You have some data which contains 67,000 rows by 'n' columns. There is also an
additional label associated with 13,000 of the rows. The remaining 54,000 have
an unknown label that you wish to predict. 'n' is very large, such that if you
try to use a decision tree, a neural network, or an SVM to solve this problem,
it will take a very long time to train. You wish to use Isomap to reduce 'n'
to a much smaller value, then you will train a decision tree (or some other
supervised model) to predict the label. If this is correct, then you probably
want to do something like this:
1- Remove the label column from both data sets. (I will assume 'n' is 2000)
waffles_transform dropcolumn train.arff 2000 > train_no_labels.arff
waffles_transform dropcolumn test.arff 2000 > test_no_labels.arff
2- Merge the two datasets to form one dataset with 67,000 rows:
waffles_transform mergevert train_no_labels.arff test_no_labels.arff >
big.arff
3- Reduce 'n' to 12 with Isomap (using 14 neighbors):
waffles_transform isomap big.arff kdtree 14 12 > reduced.arff
4- Separate the reduced data back into a training and test set
waffles_transform split reduced.arff 13000 a.arff b.arff
5- Add the label columns to the reduced datasets:
waffles_transform mergehoriz a.arff labels_a.arff > new_train.arff
waffles_transform mergehoriz a.arff labels_b.arff > new_test.arff
6- Predict labels for the new test data
waffles_learn transduce new_train.arff newtest.arff decisiontree
Let me know if any of these steps are confusing. In my experience, reducing
the dimensionality of the feature columns rarely improves predictive accuracy
(except with k-nn, which is highly vulnerable to problems with irrelevant
features), but it often significantly improves training time. Also, the
computational complexity of Isomap is poorly suited for datasets with more
than about 4000 rows. (It may take days or weeks to do 67000 rows.) You might
try sub-sampling the rows so you can get some results faster. Or, you might
try "breadthfirstunfolding" instead. It is an NLDR algorithm that scales
linearly with the number of rows. (It doesn't always handle noise very well,
though.) LLE would also be a good choice, but unfortunately my implementation
doesn't utilize sparse matrices yet.
Interesting... ok, Well Im going to try this anyways. I'll let you know how it
works out.
Just a question though:
you mentioned: "In my experience, reducing the dimensionality of the feature
columns rarely improves predictive accuracy but it often significantly
improves training time.'
I have a feeling there are aspects of my dataset that are non-linear in
nature. A PCA was not able to sepearate the data into two destinct groups
although it almost worked. Is there no chance that an isomap will help me
improve the separation?
JavR
I think I spoke too strongly. I ran a bunch of tests with some variations of
this method on about 60 datasets from the UCI repository and found little
improvement. It is always possible that your implementation will be better
than mine, and I think it is quite likely that many interesting problems are
not represented well by the UCI datasets.
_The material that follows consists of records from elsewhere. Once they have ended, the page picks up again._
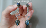 We make the jewelry of Sterling silver 925, which has very high quality. But please, note that silver always changes the color and becomes darker, because of several reasons: air humidity, using soap, skin contact and others. You can easily clean it with usual wet baking soda and wash with cold water. The jewelry will shine again!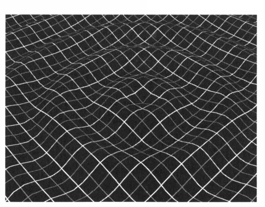 广义相对论告诉我们的一件重要事情是质量和能量可以使时空结构发生蜷曲。我们在图3.10中曾展示过太阳周围的弯曲情况。但是,静态的图片不能说明所有的问题,它有一定局限性,因为静态图片不能告诉我们当质量和能量发生转移或者以某种方式改变其自身构成时,空间的蜷曲将如何演化。3要是你非常老实地站在一张弹簧床上,弹簧床就会保持固定的弯曲形状;而一旦你开始乱蹦乱跳,弹簧床就会跟着上下起伏。广义相对论也能给出与此类似的预言,如果物质处于完美的静止状态,空间就会保持固定的蜷曲形状,如图3.10所示的那样;但是一旦物质运动起来,空间的结构就会有所起伏。爱因斯坦在1916~1918年间认识到这一点,就在那个时期,他利用时新的广义相对论方程证明——就像在广播天线上来来回回的电荷会产生电磁场一样(无线电波与电视信号就是这样产生的)——物质的猛烈涌动(比如超新星爆发)会导致引力波的产生。因为引力就是曲率,所以引力波就是曲率波。将一块鹅卵石投入池塘会激起层层涟漪,向外扩散;旋转的物质会导致向外传播的空间涟漪。根据广义相对论,遥远天际中的超新星爆发就像投入时空这片巨大的池塘中的鹅卵石一样,会激起层层涟漪,如图14.2所示。这张图展示了引力波与众不同的一个重要性质:不同于电磁波、声波和水波这些穿行于空间传播的波,引力波就通过空间自身传播。引力波传播的就是空间本身的扭曲波动。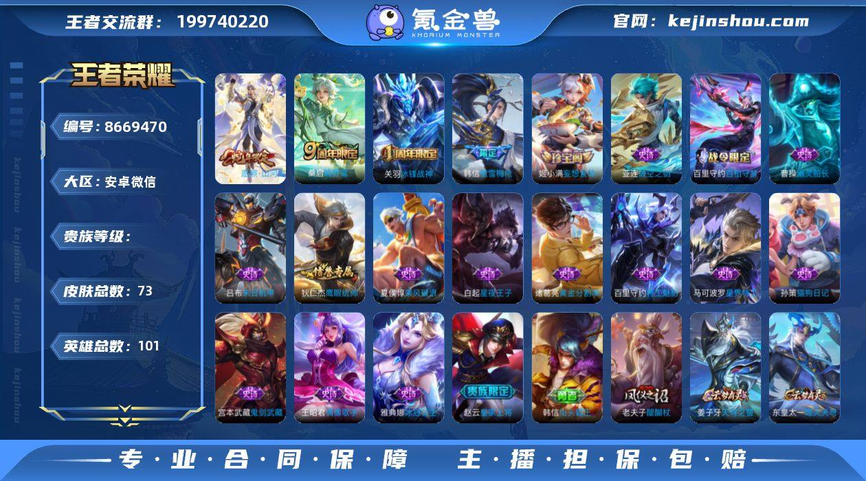 实名: 可修改 性别: 女号 英雄数: 101 皮肤数: 73 限定皮: 冰锋战神,傲雪梅枪,鸣野蒿,逐霄战戟,愿照·山河定
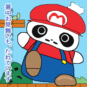 スーパー”たれ”マリオ登場!! 暑中見舞いのつもりで作りましたが、暑苦しい絵になってしまいました。 ヒゲを描くか悩みましたが、ヒゲのないマリオはマリオじゃないので、ちょび髭みたいですが、つけることにしました。 このゲームは最初に買ったファミコンで、攻略本を見ながら全面クリアしました。 海の中を泳ぐマリオが好きです。 |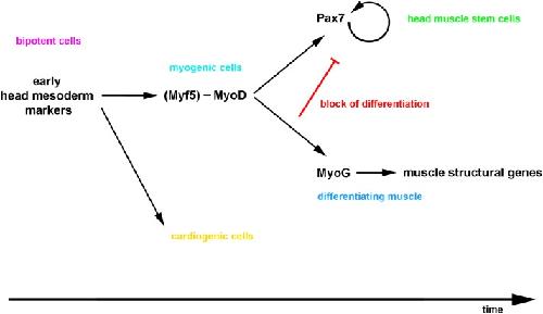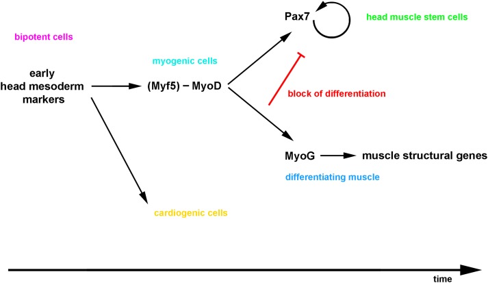Figure 14. Proposed model for the emergence of craniofacial muscle stem cells: the bi-potential head mesodermal cells commit to myogenesis before adapting a muscle stem cell state, and then a lateral inhibition mechanism initiated by the differentiating cells controls the simultaneous production of functional muscle and the maintenance of the stem cell pool. |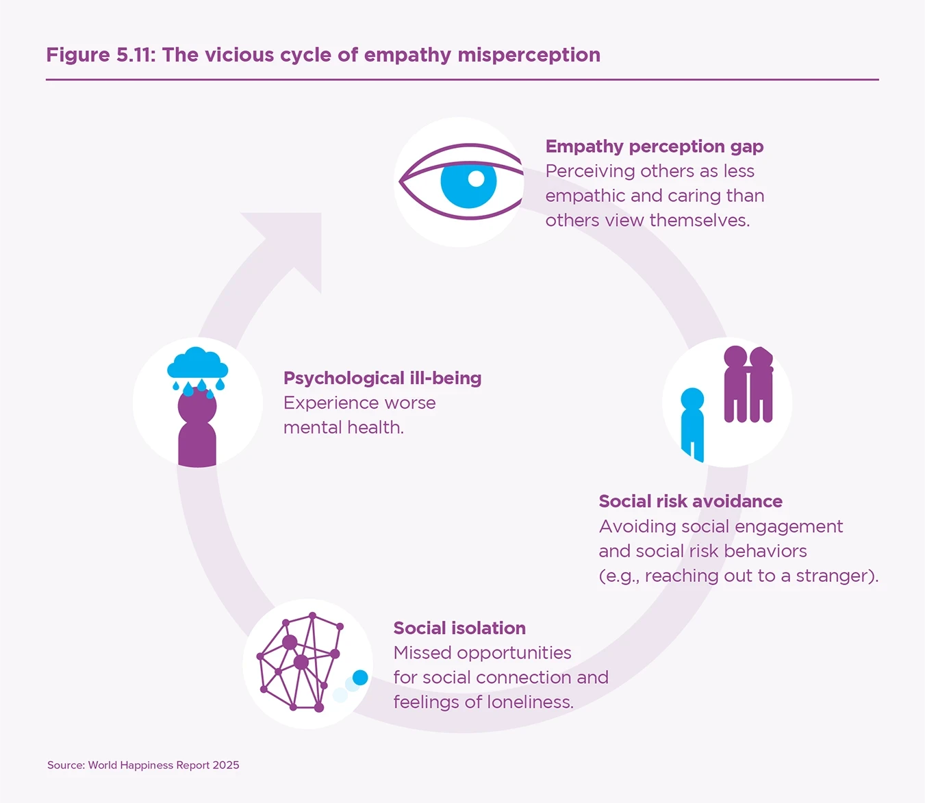 - Many young adults underestimate their peers’ empathy, leading them to avoid connecting with others and miss out on opportunities for meaningful relationships.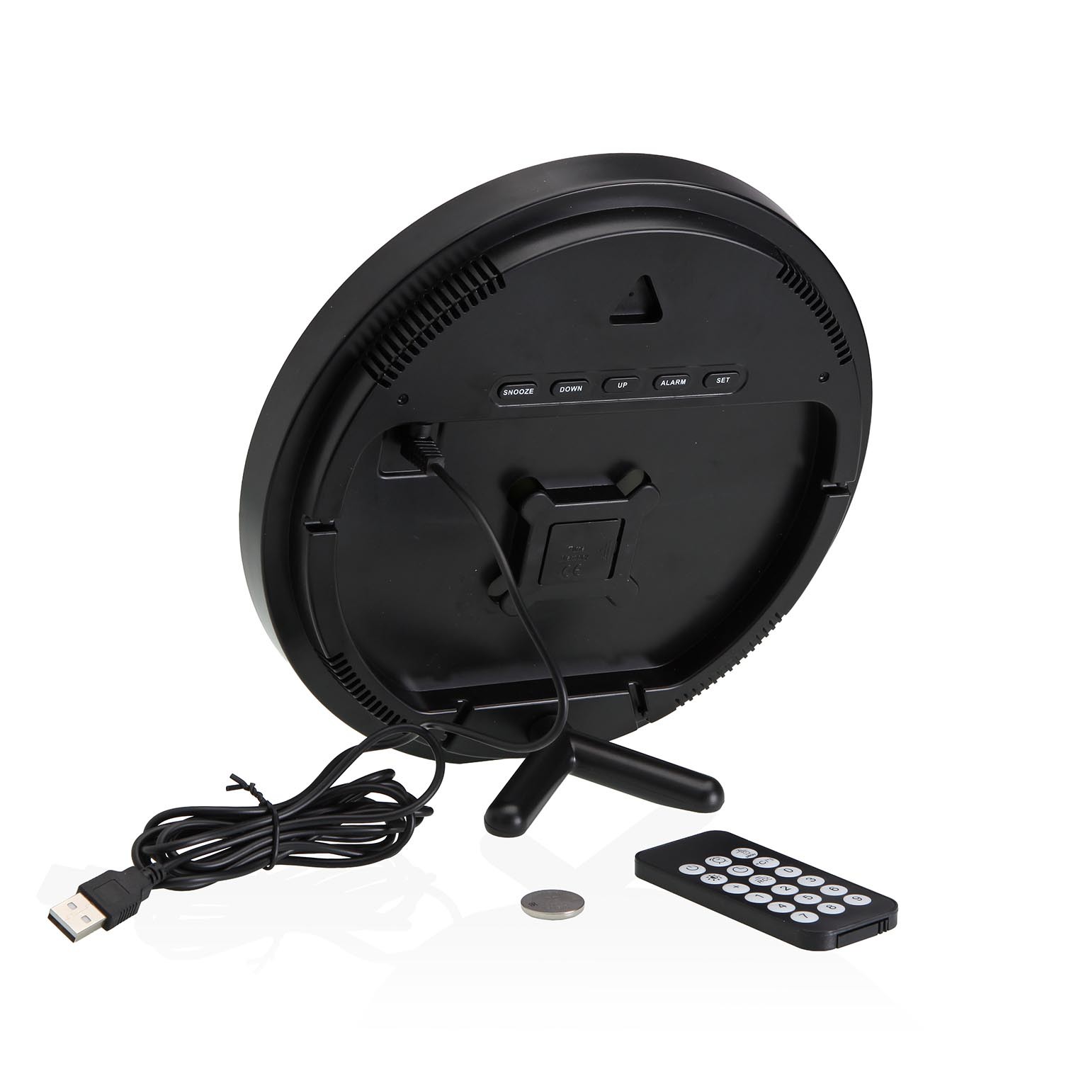 El reloj de pared digital con mando negro es un accesorio funcional y moderno, ideal para cocinas y espacios de trabajo.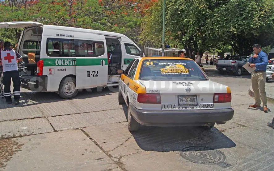 Dos personas del sexo femenino que viajaban en un colectivo resultaron lesionadas al ser impactadas por un taxi la tarde del lunes en la zona oriente de la capital chiapaneca; paramédicos trasladaron a las víctimas a un nosocomio.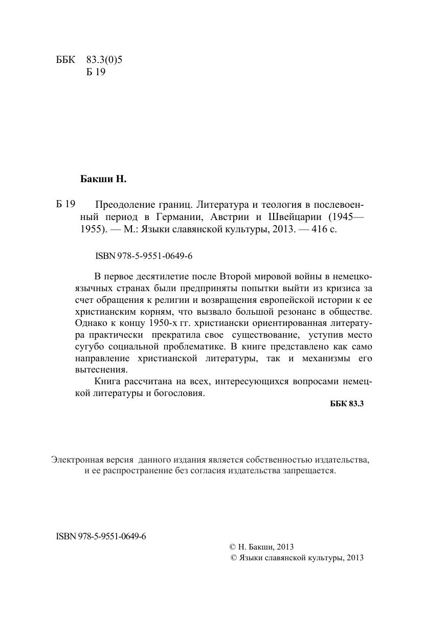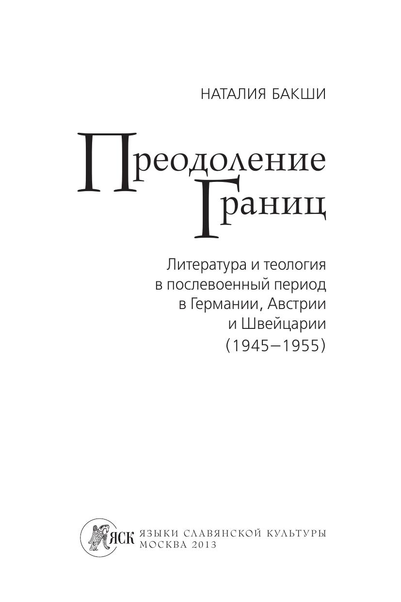 Преодоление границ. Литература и теология в послевоенный период в Германии, Австрии и Швейцарии

NLDR seems to be particularly
helpful with images. I'm pretty sure that the best score yet obtained with the
mnist hand-written digits dataset was obtained using some sort of semi-
supervised dimensionality reduction. If it turns out that a lossy
transformation, like NLDR, does have beneficial effects in some cases, and
those cases can be identified programmatically, then it seems that this should
be built into our learning algorithms.
Another issue you might encounter with Isomap is that it expects the
neighborhoods to be sufficiently large that it forms a connected graph. If
your data is separated into clusters, it might take large neighborhoods to
ensure there are no disconnected clusters.
I think you might be interested in algorithms designed specifically for
transduction (http://en.wikipedia.org/wiki/Transduction_%28machine_learning%2
9),
such as agglomerativetranducer and graphcuttransducer. These algorithms are
particularly well-suited for separating classes that lie on manifolds.